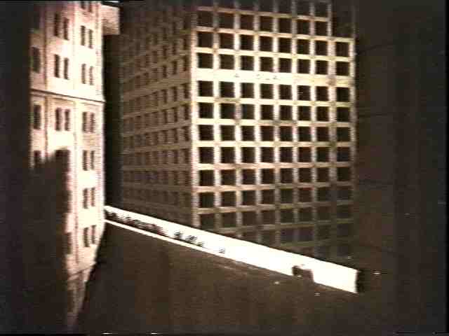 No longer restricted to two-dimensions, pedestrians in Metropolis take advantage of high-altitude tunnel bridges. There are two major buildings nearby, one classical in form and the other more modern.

───

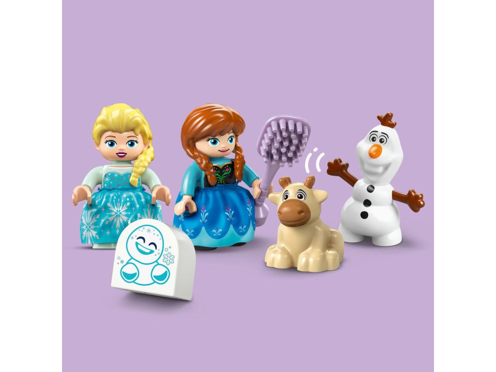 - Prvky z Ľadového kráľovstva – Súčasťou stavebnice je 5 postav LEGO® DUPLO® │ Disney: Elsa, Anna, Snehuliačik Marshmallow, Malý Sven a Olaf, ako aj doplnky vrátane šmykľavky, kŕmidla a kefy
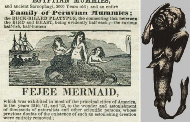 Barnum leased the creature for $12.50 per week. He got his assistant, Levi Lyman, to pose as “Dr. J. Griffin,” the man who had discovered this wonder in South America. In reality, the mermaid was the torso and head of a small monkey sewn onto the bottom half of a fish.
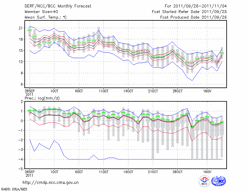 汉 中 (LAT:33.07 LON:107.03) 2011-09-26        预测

───

● Brief
Within these entries, output exactly the lines starting at the one with "Barnum leased the" and finishing at the one with "汉 中 (LAT:33.07". Leave pictures out of the output.

● Answer section
 Barnum leased the creature for $12.50 per week. He got his assistant, Levi Lyman, to pose as “Dr. J. Griffin,” the man who had discovered this wonder in South America. In reality, the mermaid was the torso and head of a small monkey sewn onto the bottom half of a fish.
 汉 中 (LAT:33.07 LON:107.03) 2011-09-26        预测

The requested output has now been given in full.